Sierra Leone defines ASM by the depth of the operations (hole dug) as “mining operations that do not exceed a depth of ten meters”. ASM is usually labor-intensive, informal, sometimes illegal, with limited capital investment and subsistence. This article defines ASM as being informal, ineffectively monitored, less supported, and done without or with mechanized tools and on a small scale.
There are many factors to the governance problems of mineral mining in Africa, especially in ASM. Governance is broadly understood as the interaction of structures, processes, and traditions that determine the exercise of power, decision-making, and how citizens and different groups have their say in society. Good governance denotes the recognition of such principles as broad-based participation, transparency, accountability, the rule of law, consensus orientation, responsibility, equity, inclusiveness, effectiveness, and efficiency. In the context of artisanal gold mining, governance signifies the process of decision-making and implementation, as well as the productive outcomes of those decisions in the sector.
ANALYTICAL FRAMEWORK
Artisanal gold sector constitutes an important economic source for thousands of individuals and households in Sierra Leone and Liberia, and their mining population has grown exponentially since the end of their civil wars in 2002 and 2003, respectively. Despite being associated with a multitude of environmental, health and safety, and social concerns, this article is focused on a range of other governance related factors, including: the informality of the sector, multiplicity of actors, ineffective monitoring, and differences in the price of gold in Liberia and Sierra Leone.

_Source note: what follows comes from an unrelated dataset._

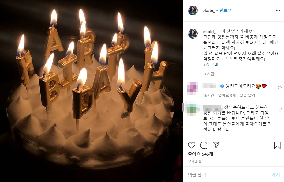 15일 강은비는 인스타그램 DM(다이렉트메세지)를 공개하며 "은비 생일 축하해"라며 "그런데 생일날까지 꼭 비공개 계정으로 죽으라고 디엠 열심히 보내시는데 그러지 마세요. 전 욕을 많이 먹어서 오래 살 것 같아요. 걱정마요. 스스로 죽진 않을게요"라는 글을 게재하며 강은비는 악플에 대해 일침을 날렸다.

The debate on informal economy since it was first conceptualized by Keith Hart in 1973 has produced many terms, describing it as “subterranean, hidden, grey, shadow, informal, clandestine, illegal, unobserved, unreported, unrecorded, second, parallel, and black”. In other words, informal activities are those that fall beyond the scope of the state. In the context of artisanal gold mining, this study understands the informality of the gold sector as low-tech, low productivity, and mostly unsupported and unregulated by the government.

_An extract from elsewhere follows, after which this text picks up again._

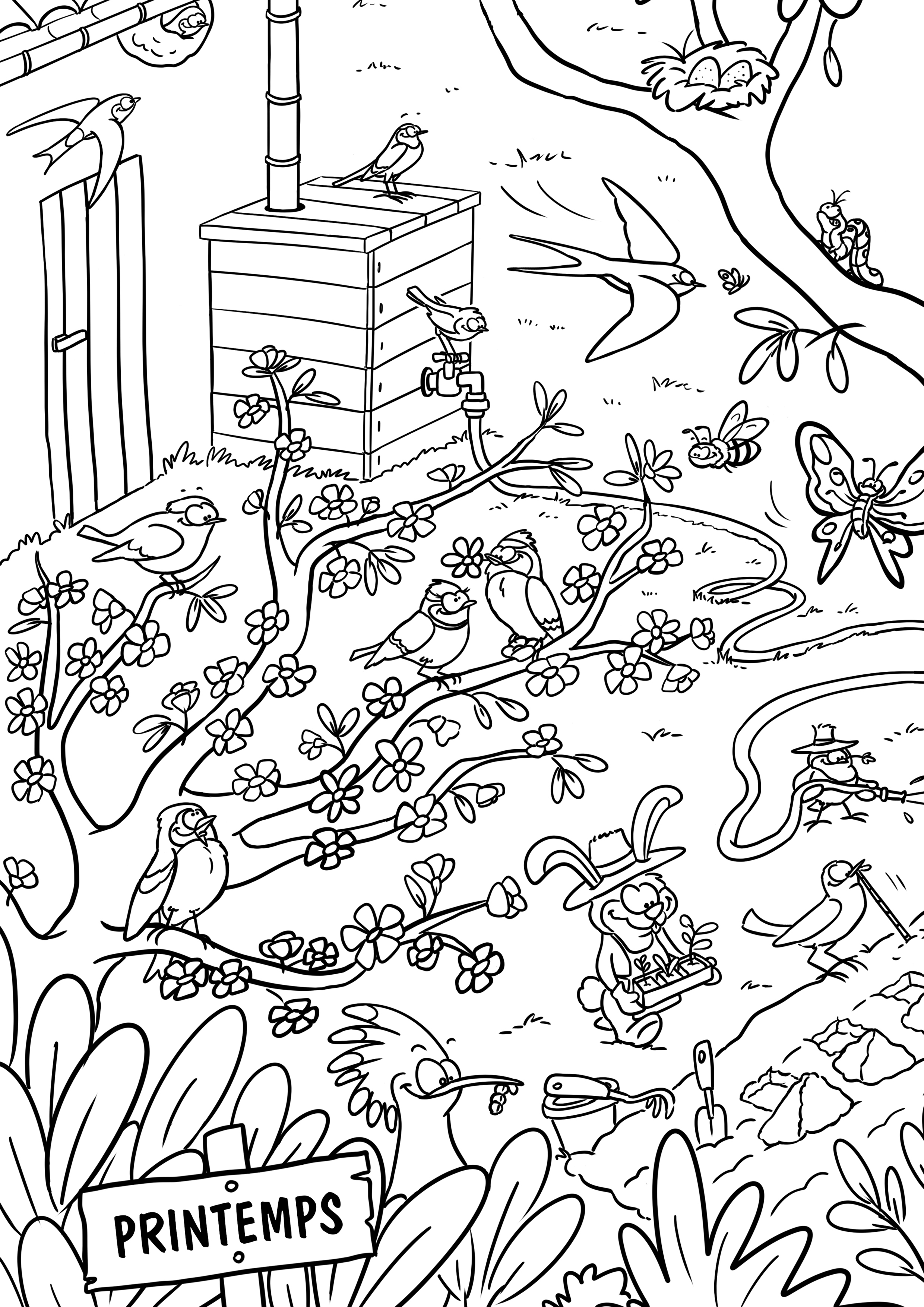 Que se passe-t-il en été, qui voit-on en hiver ? Tu trouveras sur la Frise de coloriage LPO "4 saisons au jardin" des astuces dissimulées pour attirer ces petits animaux indispensables et les protéger tout au long de l'année.

There is absence of a coherent system to effectively manage the mining sector as different agencies along with the MLME have complex and competing mandates and authority, and unclear responsibilities within the MLME and low-skilled personnel make it difficult for inter and intra agency coordination to attain the sector’s full potential. These issues undermine efficient administrative function. For instance, mining licenses have long been granted without clear-cut legal guidance of the process, and mining inspectors do not have related training, though it is required to conduct technical monitoring of the sector appropriately.

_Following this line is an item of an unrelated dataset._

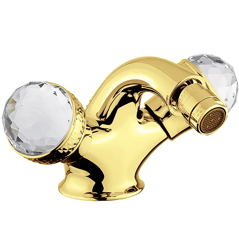 Смеситель для биде Migliore Axo 18503 Хром.Характеристики: Цвет: золото. Материал: высококачественный латунный сплав. Специальное лаковое покрытие защищает внешнюю часть смесителя от быстрого износа. Двухвентильная система управления. Ручки инкрустированы кристаллами Swarovski. Керамические кран-буксы. Фиксированный излив с аэратором. Защита от обратного потока. Совместим с проточным водонагревателем. Стандарт подключения: G 1/2. Монтаж: на 1 отверстие. В комплекте поставки: смеситель, гибкая подводка.

Additionally, payment for licenses and royalties are made to the Liberia Revenue Agency, but revenue authorities did not report non-payments of revenues to past institutions, which undermines the government’s revenue collection without previous records. However, the Mining Cadastre Administration Support Project (MCAP) program mitigates challenges that relate to organizational delivery by creating a centralized database for all license holders and enabling data sharing between revenue agencies in the mining sector.
Informality of the sector
Governing the extractive sector requires effective policies, regulations, and structures to manage its activities. In both countries, the gold sector is a subsector of the extractive industry and differs in procedures to some extent with other subsectors, such as diamond and bauxite.
Before the Artisanal Mining Policy 2018, Sierra Leone’s artisanal mining sector was somewhat regulated by the Mines and Minerals Act 2009 and the Mining Core Policy 2010, which regulated all types of mining. Unlike Sierra Leone, Liberia does not have a specific artisanal mining policy. The whole extractive sector is regulated by the Mining and Minerals Law of 2000 and the Exploration Regulations and the Minerals Policy 2010.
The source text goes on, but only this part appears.